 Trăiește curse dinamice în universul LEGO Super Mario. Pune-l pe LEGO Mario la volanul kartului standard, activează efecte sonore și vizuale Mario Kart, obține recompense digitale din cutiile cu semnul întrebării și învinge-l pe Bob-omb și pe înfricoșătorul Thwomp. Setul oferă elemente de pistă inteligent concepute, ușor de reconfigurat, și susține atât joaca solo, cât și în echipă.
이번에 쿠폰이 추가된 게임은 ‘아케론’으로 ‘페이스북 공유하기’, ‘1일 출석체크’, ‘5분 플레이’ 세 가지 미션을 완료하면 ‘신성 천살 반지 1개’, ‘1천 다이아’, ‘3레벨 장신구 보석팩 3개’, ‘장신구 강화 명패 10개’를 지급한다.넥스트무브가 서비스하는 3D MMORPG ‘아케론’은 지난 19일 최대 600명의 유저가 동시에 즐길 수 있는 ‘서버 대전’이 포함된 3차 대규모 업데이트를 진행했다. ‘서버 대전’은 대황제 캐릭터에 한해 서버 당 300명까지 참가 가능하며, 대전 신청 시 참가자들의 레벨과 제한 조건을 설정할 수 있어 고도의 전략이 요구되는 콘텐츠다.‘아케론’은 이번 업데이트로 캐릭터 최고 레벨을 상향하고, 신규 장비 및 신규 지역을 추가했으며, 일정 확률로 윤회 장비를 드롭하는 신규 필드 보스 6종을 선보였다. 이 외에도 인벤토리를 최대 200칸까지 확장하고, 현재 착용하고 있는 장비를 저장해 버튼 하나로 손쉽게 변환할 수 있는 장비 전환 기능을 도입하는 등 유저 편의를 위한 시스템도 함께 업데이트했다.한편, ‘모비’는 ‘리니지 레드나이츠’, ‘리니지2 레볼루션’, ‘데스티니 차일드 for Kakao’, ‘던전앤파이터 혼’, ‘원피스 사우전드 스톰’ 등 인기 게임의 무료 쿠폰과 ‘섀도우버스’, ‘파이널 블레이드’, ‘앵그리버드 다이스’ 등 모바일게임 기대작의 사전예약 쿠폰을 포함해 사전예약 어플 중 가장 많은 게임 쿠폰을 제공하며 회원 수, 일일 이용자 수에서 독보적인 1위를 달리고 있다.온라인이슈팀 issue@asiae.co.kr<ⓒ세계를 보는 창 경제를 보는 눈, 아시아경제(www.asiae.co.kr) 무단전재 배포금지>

━━━━━━━━━━━━━━━━

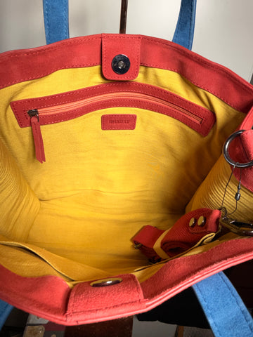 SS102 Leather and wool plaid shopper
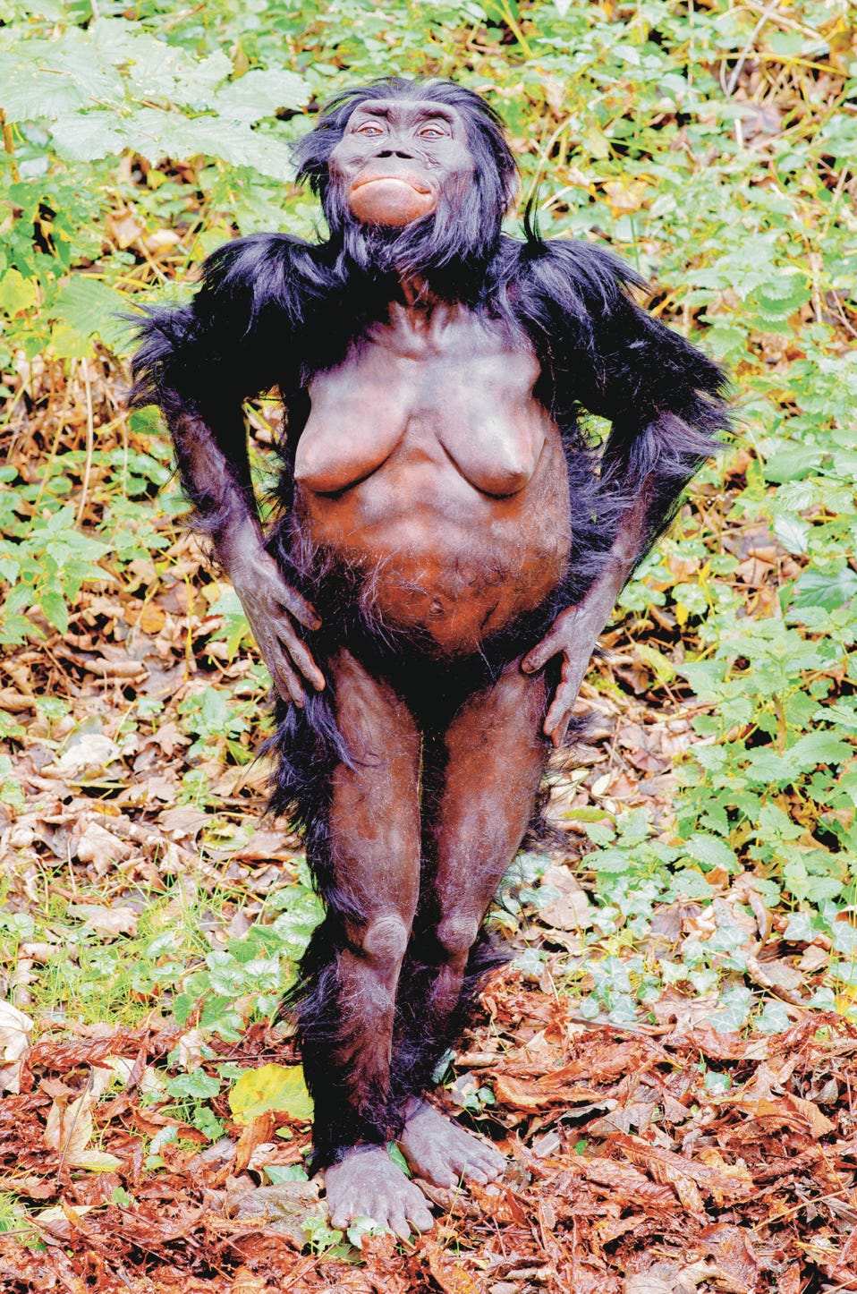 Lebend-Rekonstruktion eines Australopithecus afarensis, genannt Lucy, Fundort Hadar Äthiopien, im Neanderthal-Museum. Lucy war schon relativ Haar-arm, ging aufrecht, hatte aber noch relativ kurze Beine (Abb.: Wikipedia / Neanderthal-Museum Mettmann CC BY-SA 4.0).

━━━━━━━━━━━━━━━━

_WHAT IS NEEDED_.
In the data above, find the line that contains "Trăiește curse dinamice" and the line that contains "이번에 쿠폰이 추가된". Repeat exactly those lines and every line between them, and only those.

_RESPONSE TO THE EXERCISE_.
 Trăiește curse dinamice în universul LEGO Super Mario. Pune-l pe LEGO Mario la volanul kartului standard, activează efecte sonore și vizuale Mario Kart, obține recompense digitale din cutiile cu semnul întrebării și învinge-l pe Bob-omb și pe înfricoșătorul Thwomp. Setul oferă elemente de pistă inteligent concepute, ușor de reconfigurat, și susține atât joaca solo, cât și în echipă.
이번에 쿠폰이 추가된 게임은 ‘아케론’으로 ‘페이스북 공유하기’, ‘1일 출석체크’, ‘5분 플레이’ 세 가지 미션을 완료하면 ‘신성 천살 반지 1개’, ‘1천 다이아’, ‘3레벨 장신구 보석팩 3개’, ‘장신구 강화 명패 10개’를 지급한다.넥스트무브가 서비스하는 3D MMORPG ‘아케론’은 지난 19일 최대 600명의 유저가 동시에 즐길 수 있는 ‘서버 대전’이 포함된 3차 대규모 업데이트를 진행했다. ‘서버 대전’은 대황제 캐릭터에 한해 서버 당 300명까지 참가 가능하며, 대전 신청 시 참가자들의 레벨과 제한 조건을 설정할 수 있어 고도의 전략이 요구되는 콘텐츠다.‘아케론’은 이번 업데이트로 캐릭터 최고 레벨을 상향하고, 신규 장비 및 신규 지역을 추가했으며, 일정 확률로 윤회 장비를 드롭하는 신규 필드 보스 6종을 선보였다. 이 외에도 인벤토리를 최대 200칸까지 확장하고, 현재 착용하고 있는 장비를 저장해 버튼 하나로 손쉽게 변환할 수 있는 장비 전환 기능을 도입하는 등 유저 편의를 위한 시스템도 함께 업데이트했다.한편, ‘모비’는 ‘리니지 레드나이츠’, ‘리니지2 레볼루션’, ‘데스티니 차일드 for Kakao’, ‘던전앤파이터 혼’, ‘원피스 사우전드 스톰’ 등 인기 게임의 무료 쿠폰과 ‘섀도우버스’, ‘파이널 블레이드’, ‘앵그리버드 다이스’ 등 모바일게임 기대작의 사전예약 쿠폰을 포함해 사전예약 어플 중 가장 많은 게임 쿠폰을 제공하며 회원 수, 일일 이용자 수에서 독보적인 1위를 달리고 있다.온라인이슈팀 issue@asiae.co.kr<ⓒ세계를 보는 창 경제를 보는 눈, 아시아경제(www.asiae.co.kr) 무단전재 배포금지>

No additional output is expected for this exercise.